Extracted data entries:
□ □ □

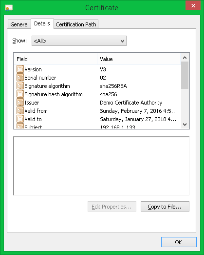 - Double click server.crt to view the server certificate.
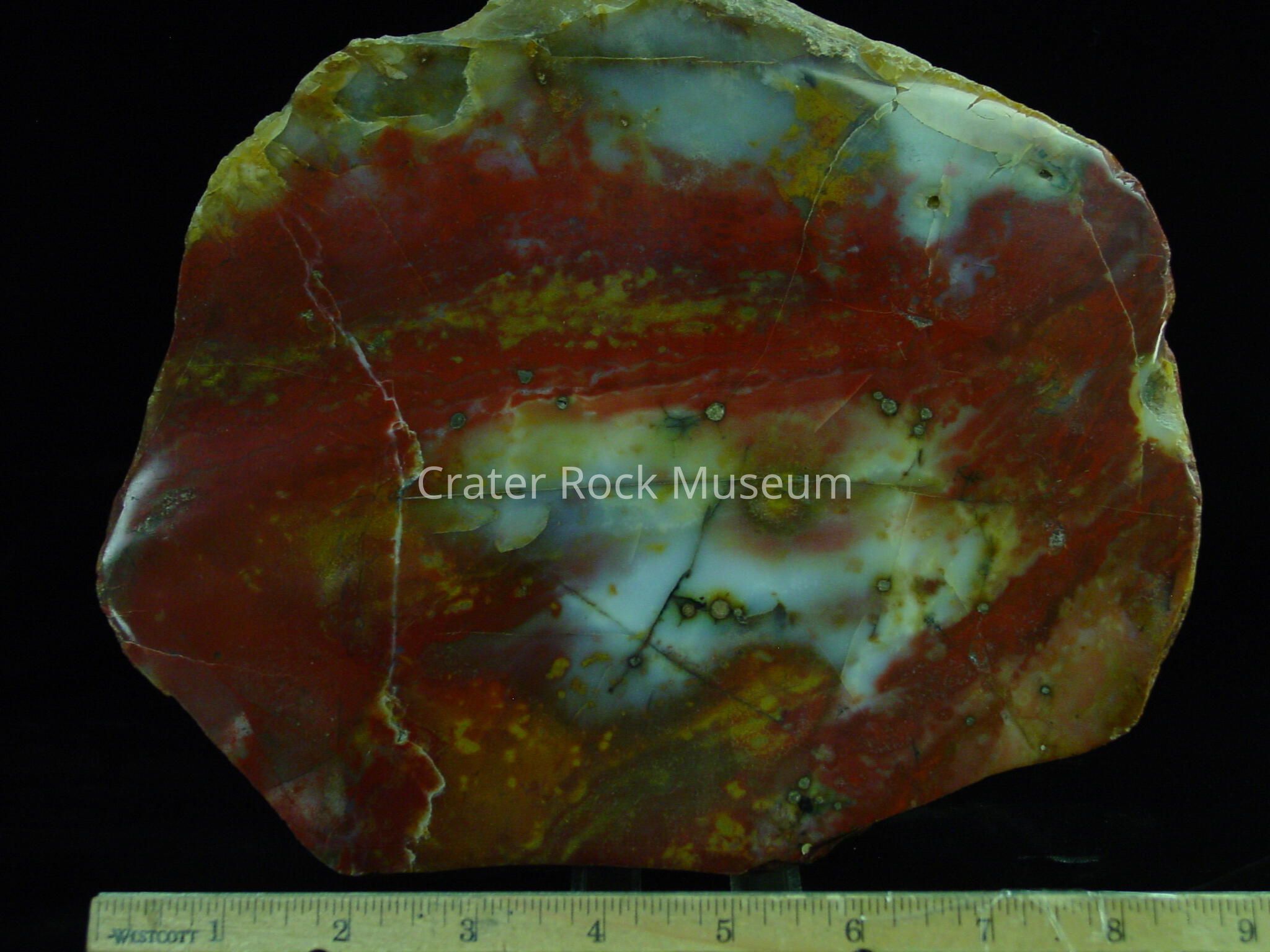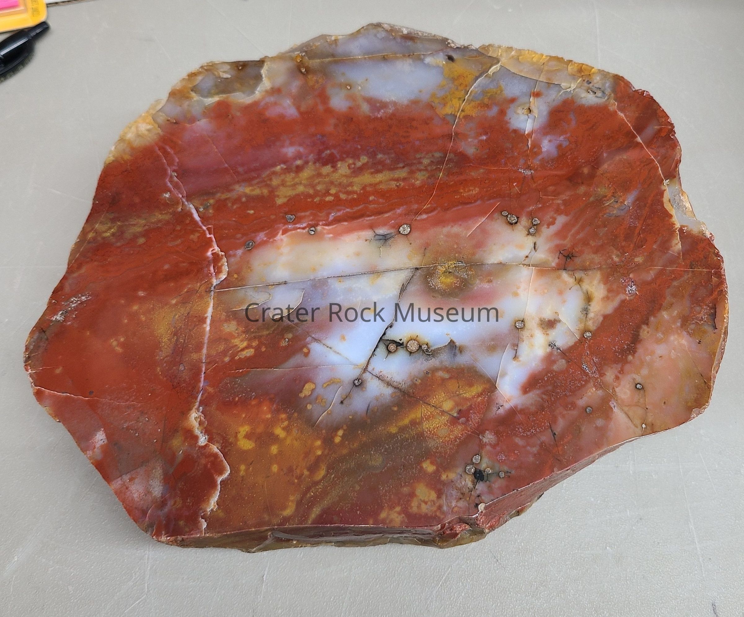 Description: Thick, rounded-back slab with polished face. Reddish-orange covers most areas with some blue-gray.
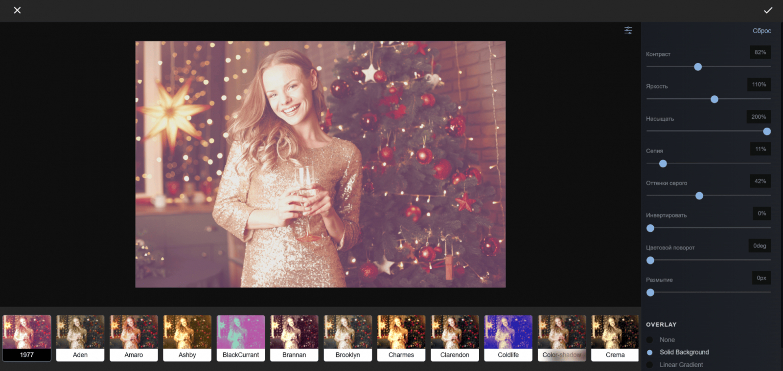 - цветовые пресеты — «Кодахром», «Брауни», «Винтаж».
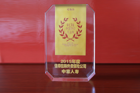 中意人壽榮獲 “2013年21世紀(jì)亞洲金融年會(huì)-21世紀(jì)保險(xiǎn)年會(huì)”頒發(fā)的“2013年度穩(wěn)健經(jīng)營(yíng)獎(jiǎng)”,這是第四次獲獎(jiǎng),也是本屆唯一獲獎(jiǎng)的合資保險(xiǎn)公司。
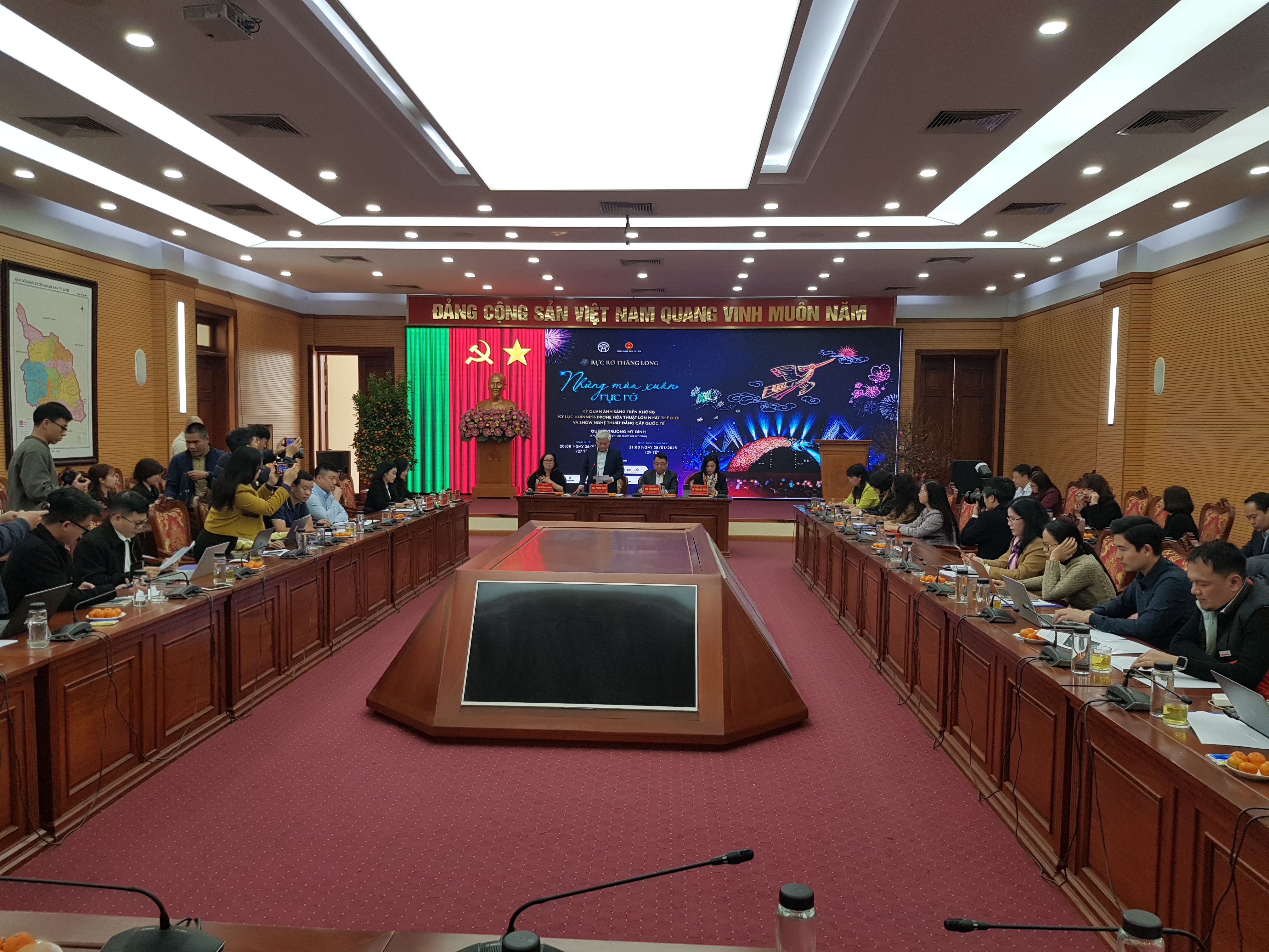 Tại cuộc họp báo chiều 20/1 ở Hà Nội, ông Mai Trọng Thái, Chủ tịch Ủy ban nhân dân quận Nam Từ Liêm, cho biết: "Với chủ đề “Những mùa xuân rực rỡ”, chương trình nghệ thuật “Rực rỡ Thăng Long 2025” sẽ kể những câu chuyện đầy cảm hứng về mùa Xuân. Đó là những mùa xuân lịch sử của dân tộc, của đất nước, con người Hà Nội và Việt Nam. Trong chương trình, khán giả Thủ đô cũng sẽ được thưởng thức chương trình nghệ thuật tương tác độc đáo, kết hợp đa thể loại trình diễn, hòa quyện giữa truyền thống và hiện đại, mang đậm dấu ấn văn hóa Thăng Long - Hà Nội. Tiếp đó là màn trình diễn của 2025 drone hỏa thuật thắp sáng bầu trời Thủ đô. Đây là loại hình trình diễn thiết bị bay không người lái hiện đại, kết hợp giữa trình diễn công nghệ ánh sáng (drone light) và pháo sáng nghệ thuật với các hiệu ứng đặc biệt, như: nhấp nháy, thác nước, phun sáng…, hứa hẹn sẽ tạo ra những khoảnh khắc ấn tượng và đặc biệt với khán giả. Ngay sau màn trình diễn drone hỏa thuật sẽ là màn bắn pháo hoa tầm cao vào đúng khoảnh khắc giao thừa để đón chào năm mới Ất Tỵ 2025."
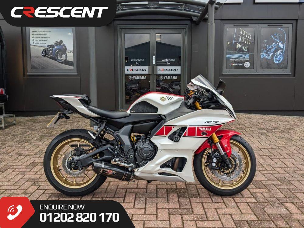We are proud to offer this well equipped 2022 Yamaha R7 finished in the fantastic 70th Anniversary colour scheme with just 7958 miles. This 2 owner machine benefits from very recent Pirelli tyres & 4 service entries including a fresh service for the next lucky owner. The list of extras include YOSHIMURA EXHAUST SYSTEM | YAMAHA QUICKSHIFTER | R&G PADDOCK BOBBINS | YAMAHA TAIL TIDY | YAMAHA TANK PADS | EVOTECH FRAME BOBBINS | YAMAHA RADIATOR GUARD | R&G FRONT AXLE BOBBINS. Please note, Quadlock has been removed & returned to the previous owner.
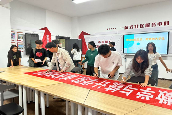 6月12日,老虎机游戏在线玩 在“一站式”社区服务中心召开诚信教育座谈会暨“诚信校园行”学生签名仪式,学院党委副书记李书、辅导员蔡丽莉、学院资助小组全体成员、各年级学生代表参加。

□ □ □

Assigned task: Beginning with the first entry above, reproduce every line verbatim until the line with "Tại cuộc họp", which is included too; omit pictures.

Result of this task:
 - Double click server.crt to view the server certificate.
 Description: Thick, rounded-back slab with polished face. Reddish-orange covers most areas with some blue-gray.
 - цветовые пресеты — «Кодахром», «Брауни», «Винтаж».
 中意人壽榮獲 “2013年21世紀(jì)亞洲金融年會(huì)-21世紀(jì)保險(xiǎn)年會(huì)”頒發(fā)的“2013年度穩(wěn)健經(jīng)營(yíng)獎(jiǎng)”,這是第四次獲獎(jiǎng),也是本屆唯一獲獎(jiǎng)的合資保險(xiǎn)公司。
 Tại cuộc họp báo chiều 20/1 ở Hà Nội, ông Mai Trọng Thái, Chủ tịch Ủy ban nhân dân quận Nam Từ Liêm, cho biết: "Với chủ đề “Những mùa xuân rực rỡ”, chương trình nghệ thuật “Rực rỡ Thăng Long 2025” sẽ kể những câu chuyện đầy cảm hứng về mùa Xuân. Đó là những mùa xuân lịch sử của dân tộc, của đất nước, con người Hà Nội và Việt Nam. Trong chương trình, khán giả Thủ đô cũng sẽ được thưởng thức chương trình nghệ thuật tương tác độc đáo, kết hợp đa thể loại trình diễn, hòa quyện giữa truyền thống và hiện đại, mang đậm dấu ấn văn hóa Thăng Long - Hà Nội. Tiếp đó là màn trình diễn của 2025 drone hỏa thuật thắp sáng bầu trời Thủ đô. Đây là loại hình trình diễn thiết bị bay không người lái hiện đại, kết hợp giữa trình diễn công nghệ ánh sáng (drone light) và pháo sáng nghệ thuật với các hiệu ứng đặc biệt, như: nhấp nháy, thác nước, phun sáng…, hứa hẹn sẽ tạo ra những khoảnh khắc ấn tượng và đặc biệt với khán giả. Ngay sau màn trình diễn drone hỏa thuật sẽ là màn bắn pháo hoa tầm cao vào đúng khoảnh khắc giao thừa để đón chào năm mới Ất Tỵ 2025."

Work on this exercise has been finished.